His words reminded Ash rather sharply that Yarrow had only known of the god for a short century and that the people of the world she was currently in seemed to know him as a god of dungeons rather than knowing his actual domain. He was a young god and was likely still learning his place among the others.

"The elder gods," he continued with more respect than he'd mentioned them before, "I had thought I'd learned everything correctly the first time but clearly they still have more to teach me. While a kiss is supposed to be a pleasurable experience, it was wrong of me to force it so without your input. I do not ask forgiveness, but know that I will strive not to act so foolishly in the future."

She forced herself to glance towards him though she'd rather just watch her pond for as many hours as it took to feel better. His golden eyes watched her, soft and truly remorseful. He was not faking his apology to keep from being scolded by the others. She was curious, though, why he'd acted in such a way to begin with.

He frowned suddenly and shook his head, reading thoughts when near those that were not gods was an all too easy task, "I do not know if I was jealous of you or if I covet you, if I'm being honest," he answered her thoughts, his voice growing soft, "You have all that I am supposed to offer the world…and you gained it all without my input or guidance. I did not bend events ever so slightly to connect you to the people you hold dear. I did not provide anything for you to earn the wealth that you have, both in monetary form as well as in the far more important form to you of the love of those people. I had nothing to do with your sharp personality, with the mischief alongside unwavering kindness that will make for endless entertainment for the Godsborn and, I'd like to think, the Earthborn as well. You didn't need me to do any of that…I didn't exist when you gained all of that."

"I did not need Sidus to make me either. Not in the way you are speaking of," her voice was quiet, she spoke slow to keep it from cracking with the pain that still slid through her, "His magic created me. He named me. He left all else to others because it was not his place. Certainly he remained a figure in my life to make certain I learned the values he represents, but he was as a father to my whole herd and I like to think he did so for them all. You are gods that watch over things and can manipulate events to allow change to some degree, but you are not gods that control all. I doubt you want to do so anyway, it doesn't sound entertaining to know everything to expect."

He laughed slightly, the sound holding an edge of self-loathing to it, "Ah, to be schooled in my own place by a creature that is not a god…Part of me feels I should be ashamed of needing it, but I'm not. You are quite well my elder, so I've been told. Considering how he cherishes you, having to remove himself entirely from the conversation to keep from striking me in rage at what I'd done to you, it should not surprise me that you know a lot about what it is to hold the kind of divinity that you do," he stood, "I am sorry, truly so, for using my power to make you want to be near me even if for just a moment. Perhaps, in time, we may mend what I have broken and start a proper connection between us."

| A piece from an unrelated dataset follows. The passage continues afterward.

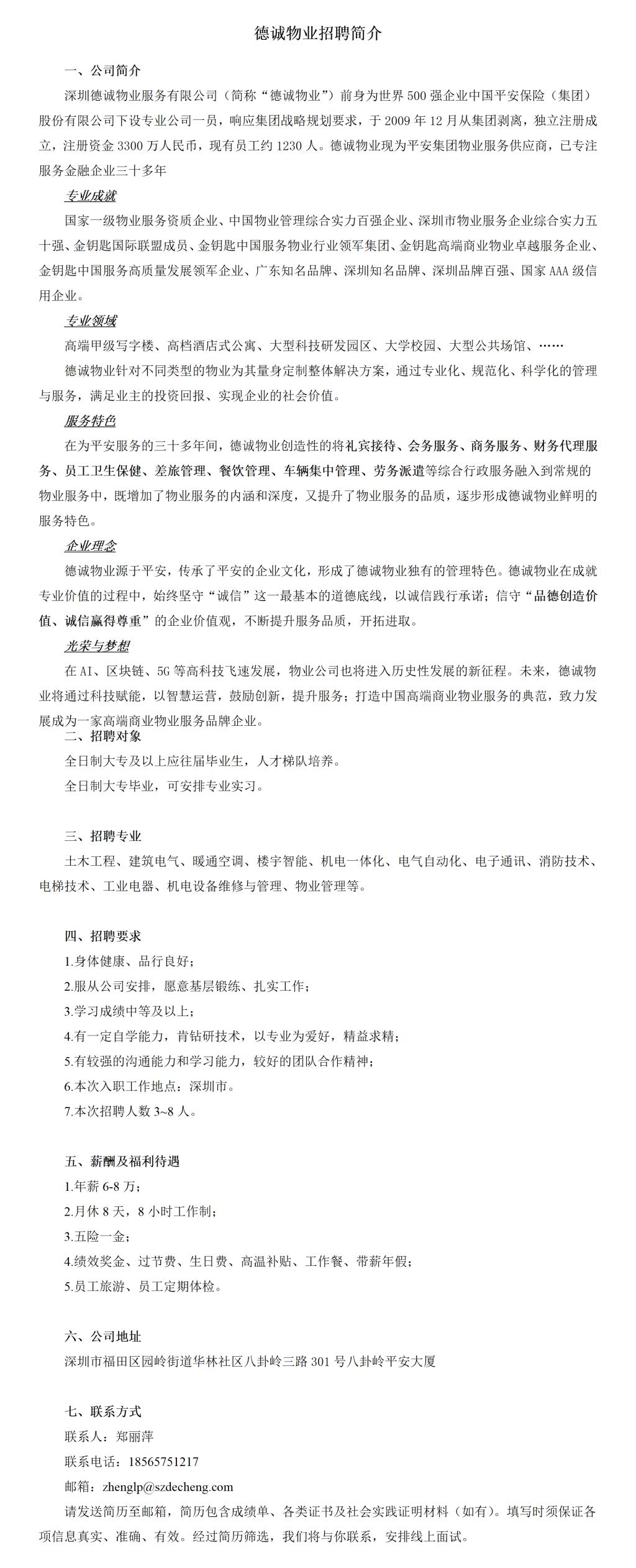 德诚物业招聘简介

She watched as he turned away from the pond, his golden eyes looking over the home she was building for herself and found herself speaking, "I don't know if I will forgive you…If I can. But I am grateful that you are a good god, a kind one, that can see when you have caused harm. I do not think your young age should wall you away from them…nor do I think your godhood grants you an immediate place among them."

He smiled slightly at her words, taking his own meaning from them. He had to form the connections himself with the other gods. He had to earn from them the wealth that they offered, knowledge from eons of watch over worlds aplenty. He could not bridge the gap between them just by being an entertaining bundle of mischief because he could not always be a child to them if he ever wanted to be an equal. He took a couple of steps and disappeared, taking with him the barrier that had shut her off from the rest of the world.